[Provided records]
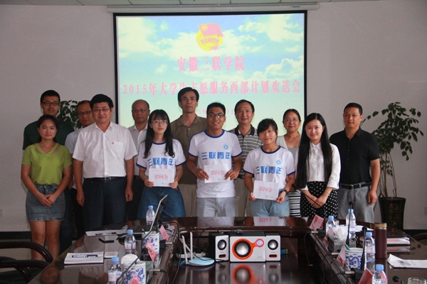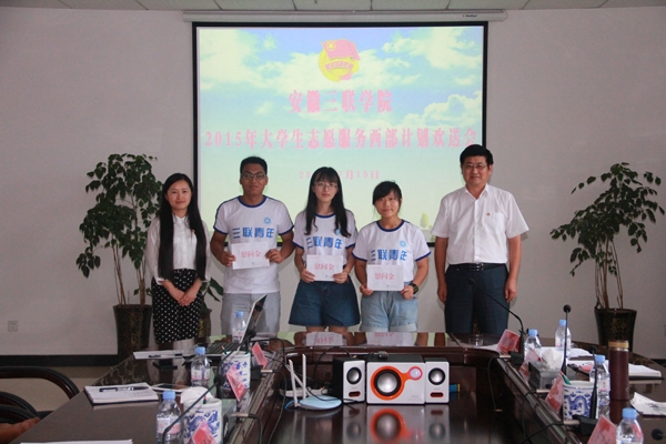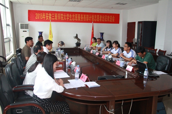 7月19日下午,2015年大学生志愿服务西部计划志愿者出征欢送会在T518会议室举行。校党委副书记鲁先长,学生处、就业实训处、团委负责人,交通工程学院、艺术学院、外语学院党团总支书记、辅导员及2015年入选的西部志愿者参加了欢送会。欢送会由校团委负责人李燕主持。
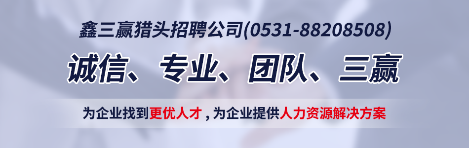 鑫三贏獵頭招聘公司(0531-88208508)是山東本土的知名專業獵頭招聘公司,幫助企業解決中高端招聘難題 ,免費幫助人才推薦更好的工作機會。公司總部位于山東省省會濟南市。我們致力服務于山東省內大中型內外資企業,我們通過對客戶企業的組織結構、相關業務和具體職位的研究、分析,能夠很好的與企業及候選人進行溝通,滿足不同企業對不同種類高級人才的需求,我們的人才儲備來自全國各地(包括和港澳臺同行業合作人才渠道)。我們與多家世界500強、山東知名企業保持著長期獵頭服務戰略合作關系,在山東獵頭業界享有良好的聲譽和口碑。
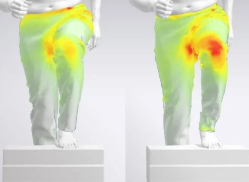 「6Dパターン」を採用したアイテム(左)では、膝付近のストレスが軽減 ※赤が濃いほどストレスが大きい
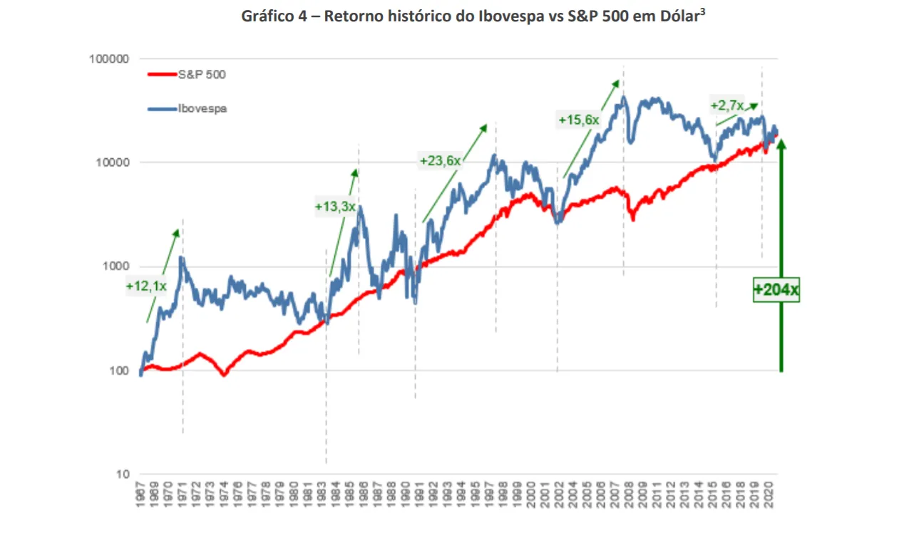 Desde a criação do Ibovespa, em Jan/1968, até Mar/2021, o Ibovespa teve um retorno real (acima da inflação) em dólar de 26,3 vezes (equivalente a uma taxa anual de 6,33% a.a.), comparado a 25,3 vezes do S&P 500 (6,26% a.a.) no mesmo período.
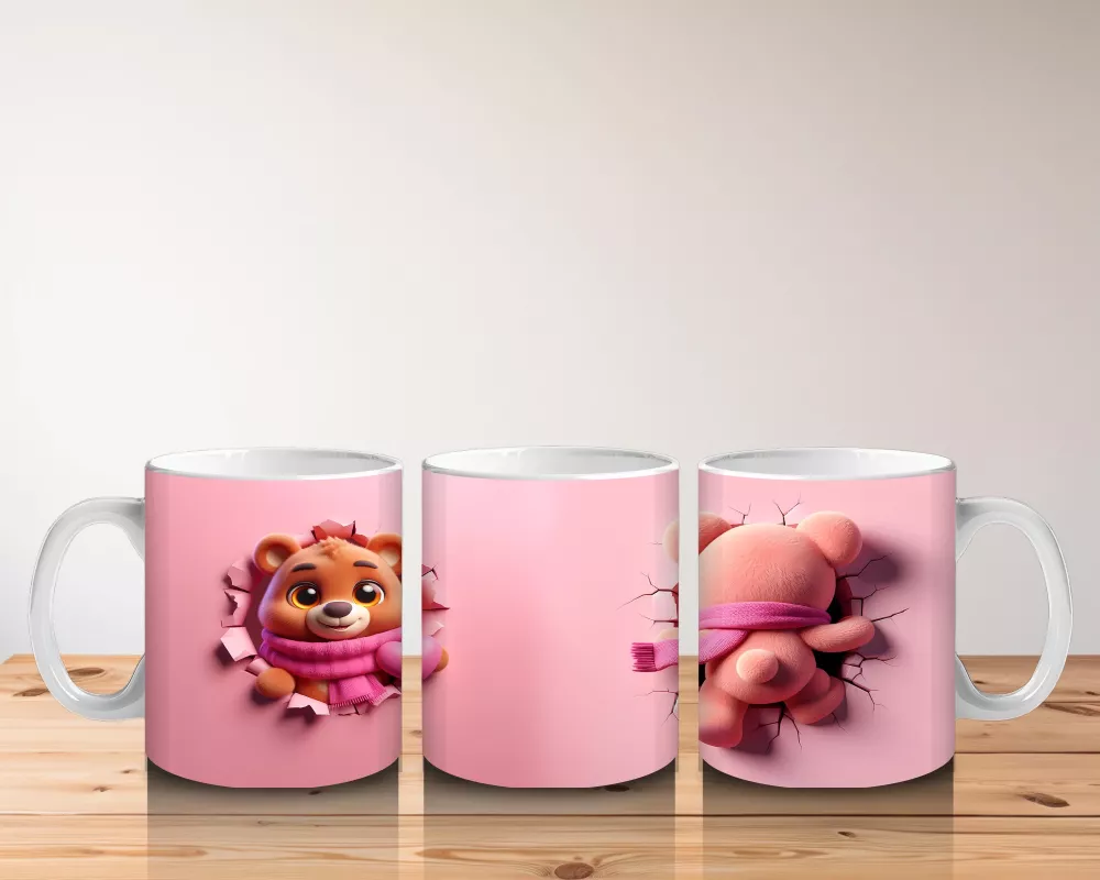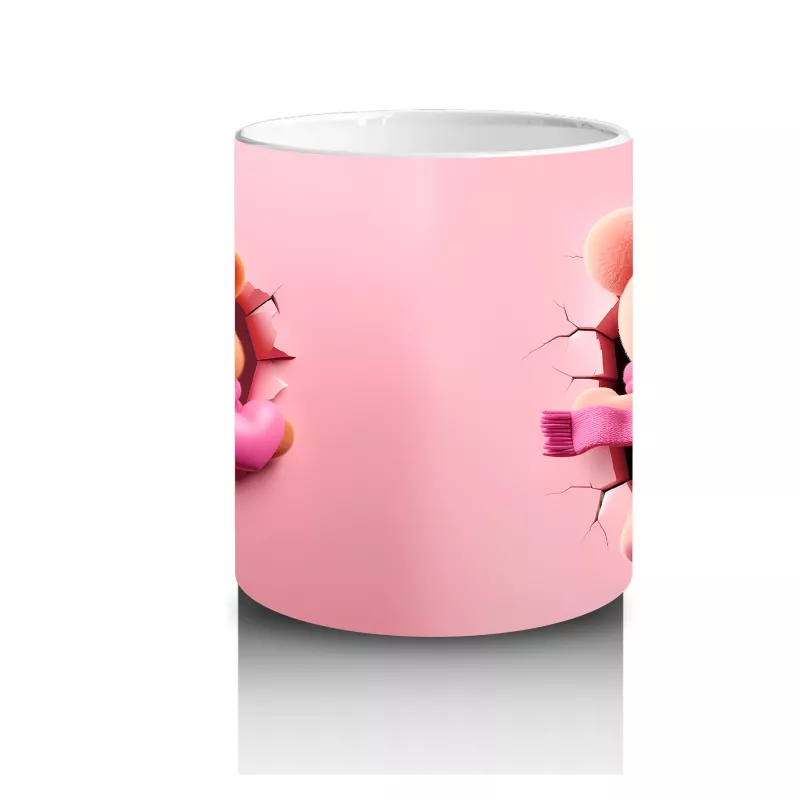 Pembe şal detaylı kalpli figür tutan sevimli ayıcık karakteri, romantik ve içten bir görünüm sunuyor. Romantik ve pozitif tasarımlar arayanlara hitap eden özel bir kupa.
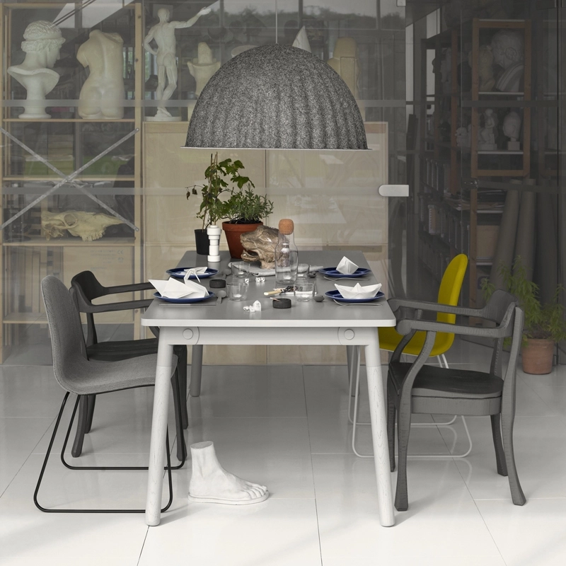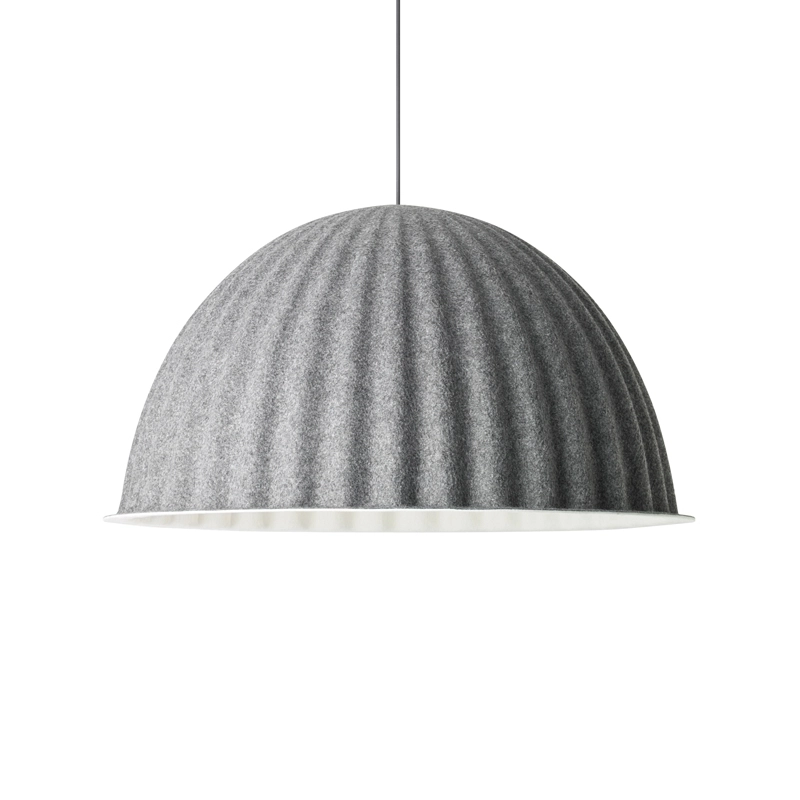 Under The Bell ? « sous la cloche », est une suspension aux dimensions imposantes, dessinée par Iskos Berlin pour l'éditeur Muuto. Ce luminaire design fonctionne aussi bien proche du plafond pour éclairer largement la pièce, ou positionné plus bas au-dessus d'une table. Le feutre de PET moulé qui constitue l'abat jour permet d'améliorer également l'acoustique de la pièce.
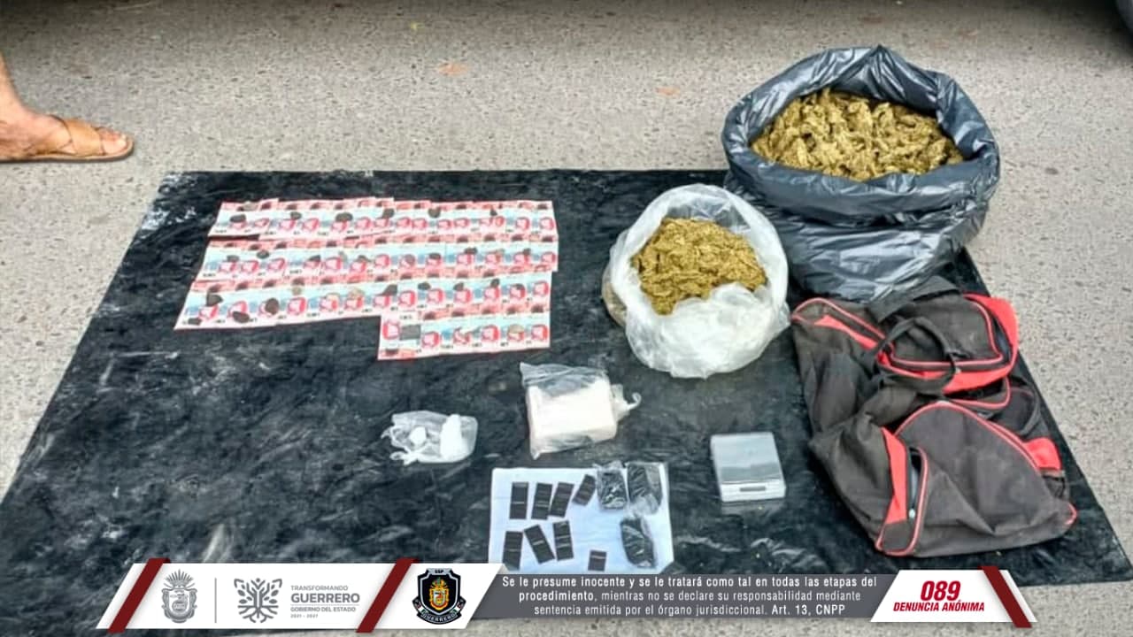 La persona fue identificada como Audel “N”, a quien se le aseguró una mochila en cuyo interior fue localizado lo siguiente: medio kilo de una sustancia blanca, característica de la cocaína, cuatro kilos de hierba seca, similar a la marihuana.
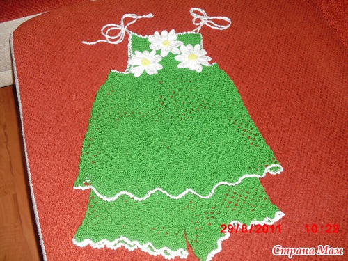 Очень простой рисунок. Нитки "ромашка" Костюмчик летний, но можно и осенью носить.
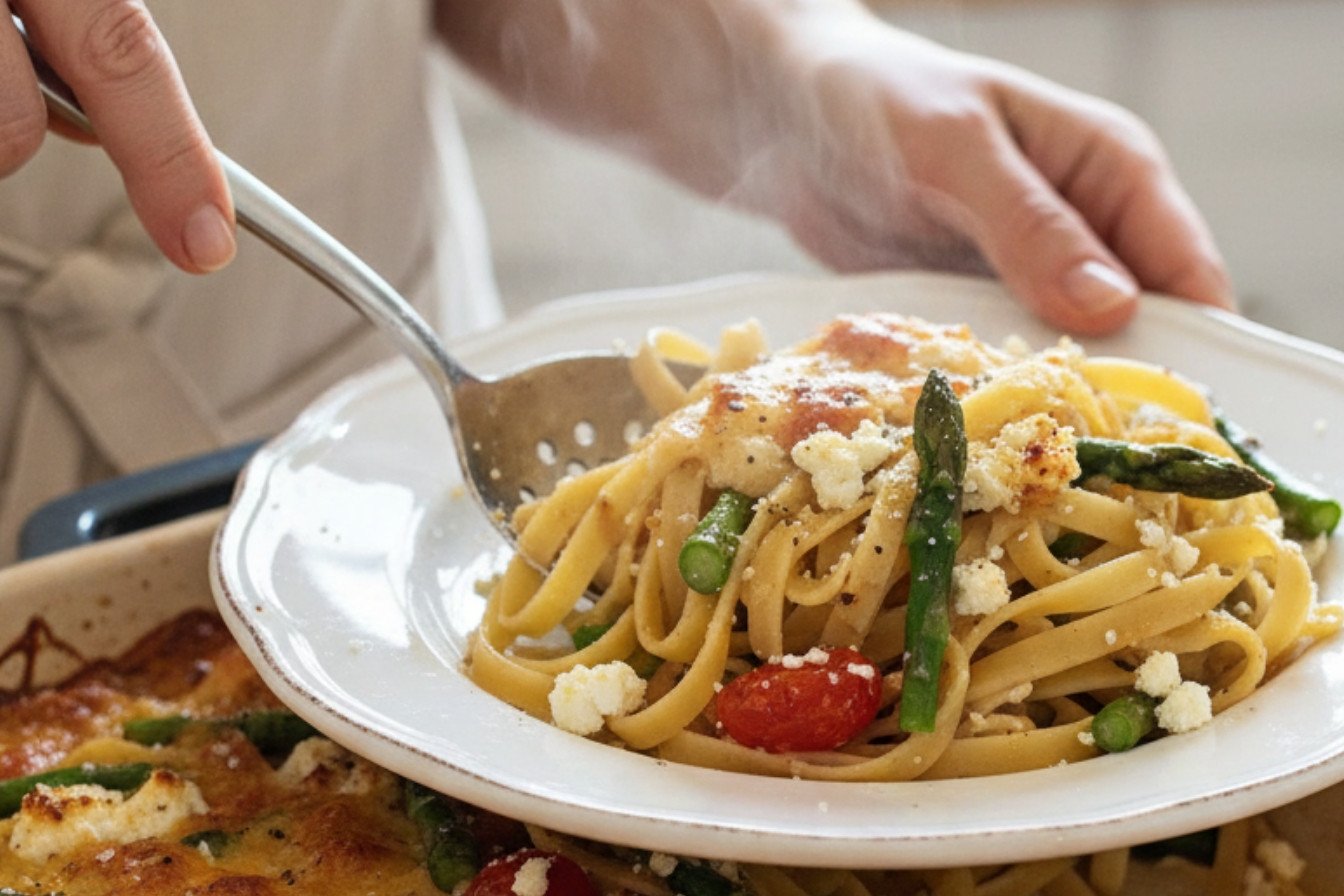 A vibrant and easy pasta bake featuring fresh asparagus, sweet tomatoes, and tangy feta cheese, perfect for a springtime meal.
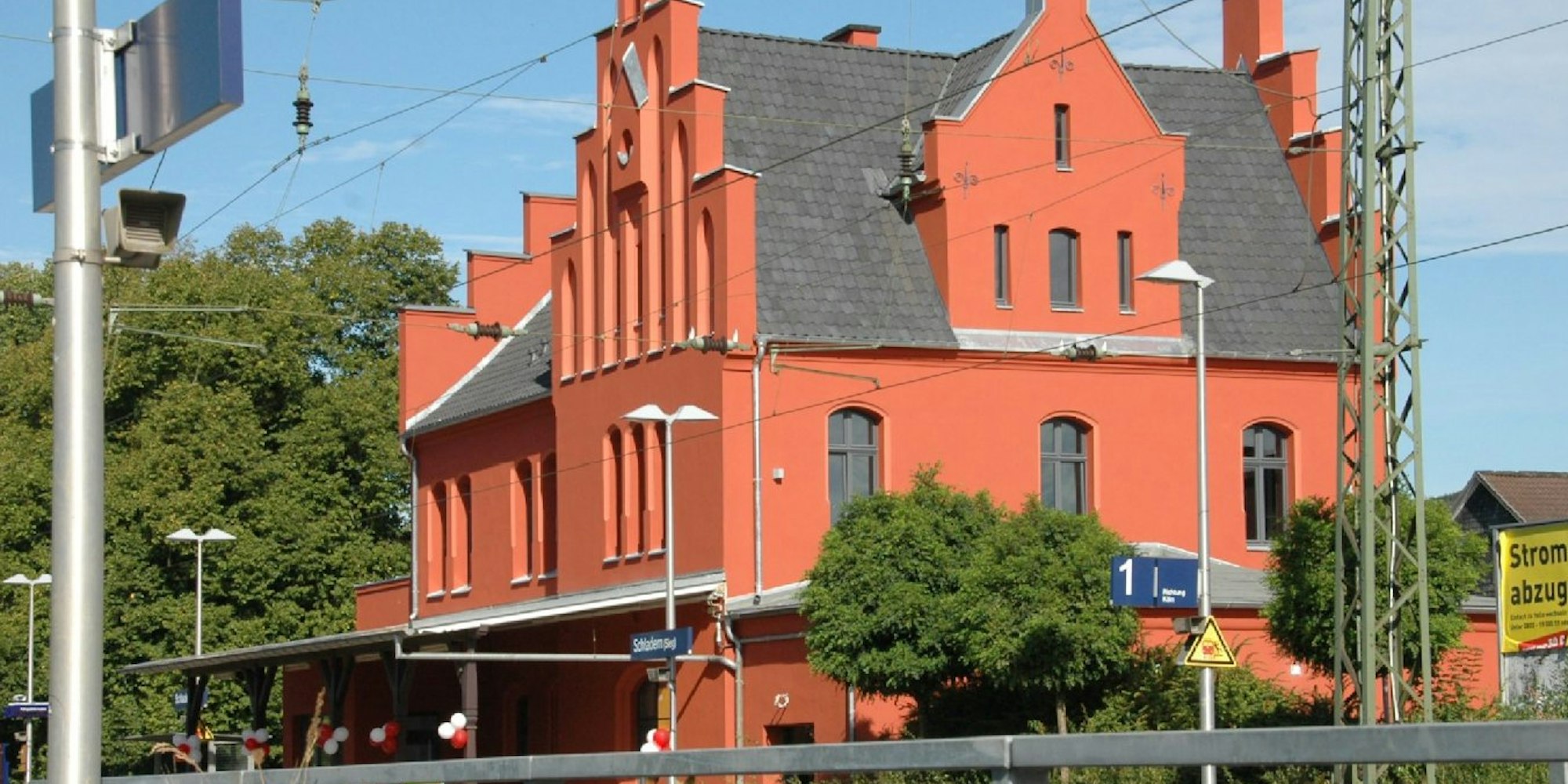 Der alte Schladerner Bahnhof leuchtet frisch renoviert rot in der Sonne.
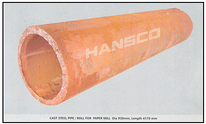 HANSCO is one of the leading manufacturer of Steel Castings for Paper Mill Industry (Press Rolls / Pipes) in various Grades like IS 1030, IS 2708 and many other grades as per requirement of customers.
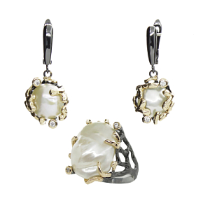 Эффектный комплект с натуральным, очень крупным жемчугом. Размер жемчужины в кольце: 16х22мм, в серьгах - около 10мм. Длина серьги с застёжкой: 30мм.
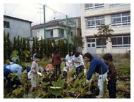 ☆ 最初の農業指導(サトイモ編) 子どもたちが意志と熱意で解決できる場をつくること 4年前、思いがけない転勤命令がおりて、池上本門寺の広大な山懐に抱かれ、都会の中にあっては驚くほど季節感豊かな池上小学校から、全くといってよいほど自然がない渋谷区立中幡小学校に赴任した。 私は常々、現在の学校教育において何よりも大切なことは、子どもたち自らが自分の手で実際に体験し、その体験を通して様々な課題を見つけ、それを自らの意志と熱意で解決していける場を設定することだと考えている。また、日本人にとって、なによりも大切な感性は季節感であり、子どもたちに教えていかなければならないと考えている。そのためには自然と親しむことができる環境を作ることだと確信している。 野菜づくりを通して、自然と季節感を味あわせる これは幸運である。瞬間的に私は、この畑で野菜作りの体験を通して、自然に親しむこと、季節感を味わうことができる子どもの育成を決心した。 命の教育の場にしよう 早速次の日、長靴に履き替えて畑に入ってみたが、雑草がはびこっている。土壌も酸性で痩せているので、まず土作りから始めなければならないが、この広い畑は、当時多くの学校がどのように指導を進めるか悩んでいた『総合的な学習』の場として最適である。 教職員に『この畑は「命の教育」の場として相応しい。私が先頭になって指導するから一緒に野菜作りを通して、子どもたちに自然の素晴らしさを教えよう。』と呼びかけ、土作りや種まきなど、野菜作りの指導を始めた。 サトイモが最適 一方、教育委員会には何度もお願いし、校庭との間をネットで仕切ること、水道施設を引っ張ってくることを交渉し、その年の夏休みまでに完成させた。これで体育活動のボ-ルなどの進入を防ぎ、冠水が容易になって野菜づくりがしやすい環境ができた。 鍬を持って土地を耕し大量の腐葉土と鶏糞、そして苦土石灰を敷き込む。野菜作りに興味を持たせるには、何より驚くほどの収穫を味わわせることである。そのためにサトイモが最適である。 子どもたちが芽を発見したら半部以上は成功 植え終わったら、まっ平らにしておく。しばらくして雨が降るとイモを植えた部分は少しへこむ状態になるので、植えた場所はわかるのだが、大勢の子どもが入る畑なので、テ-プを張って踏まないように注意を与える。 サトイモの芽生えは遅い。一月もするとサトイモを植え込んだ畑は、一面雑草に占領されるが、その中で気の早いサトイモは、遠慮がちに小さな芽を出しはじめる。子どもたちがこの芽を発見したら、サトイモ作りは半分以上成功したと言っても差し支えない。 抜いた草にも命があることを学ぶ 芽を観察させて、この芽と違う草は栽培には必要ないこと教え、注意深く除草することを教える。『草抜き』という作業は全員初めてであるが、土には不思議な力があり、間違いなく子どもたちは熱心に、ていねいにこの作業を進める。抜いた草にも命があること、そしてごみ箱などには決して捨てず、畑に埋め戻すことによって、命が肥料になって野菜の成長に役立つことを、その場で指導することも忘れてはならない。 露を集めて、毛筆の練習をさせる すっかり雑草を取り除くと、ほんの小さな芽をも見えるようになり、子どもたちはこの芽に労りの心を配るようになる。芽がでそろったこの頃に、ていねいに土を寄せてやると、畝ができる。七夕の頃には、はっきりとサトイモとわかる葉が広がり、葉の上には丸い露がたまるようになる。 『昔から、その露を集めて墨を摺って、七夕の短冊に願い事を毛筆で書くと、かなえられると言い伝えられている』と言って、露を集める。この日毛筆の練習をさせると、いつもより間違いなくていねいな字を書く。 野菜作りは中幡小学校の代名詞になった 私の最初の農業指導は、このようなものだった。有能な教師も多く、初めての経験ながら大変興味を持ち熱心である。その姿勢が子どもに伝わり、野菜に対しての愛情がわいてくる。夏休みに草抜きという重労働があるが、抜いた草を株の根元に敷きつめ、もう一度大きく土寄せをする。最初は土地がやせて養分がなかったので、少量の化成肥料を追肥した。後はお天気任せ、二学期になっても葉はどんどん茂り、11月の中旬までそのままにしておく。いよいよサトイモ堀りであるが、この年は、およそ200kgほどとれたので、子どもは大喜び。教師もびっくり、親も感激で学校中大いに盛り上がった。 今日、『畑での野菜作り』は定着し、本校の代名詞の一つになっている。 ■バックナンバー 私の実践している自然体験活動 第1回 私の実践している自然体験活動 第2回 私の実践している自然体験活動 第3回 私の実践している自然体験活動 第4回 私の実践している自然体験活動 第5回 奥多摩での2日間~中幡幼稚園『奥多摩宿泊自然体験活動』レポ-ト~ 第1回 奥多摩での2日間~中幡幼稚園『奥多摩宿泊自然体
[/Provided records]
**What is being asked:** Your answer must be the lines above from the one holding "Der alte Schladerner" up to and including the one holding "HANSCO is one", exact and with no pictures.

**Task solution:**
 Der alte Schladerner Bahnhof leuchtet frisch renoviert rot in der Sonne.
 HANSCO is one of the leading manufacturer of Steel Castings for Paper Mill Industry (Press Rolls / Pipes) in various Grades like IS 1030, IS 2708 and many other grades as per requirement of customers.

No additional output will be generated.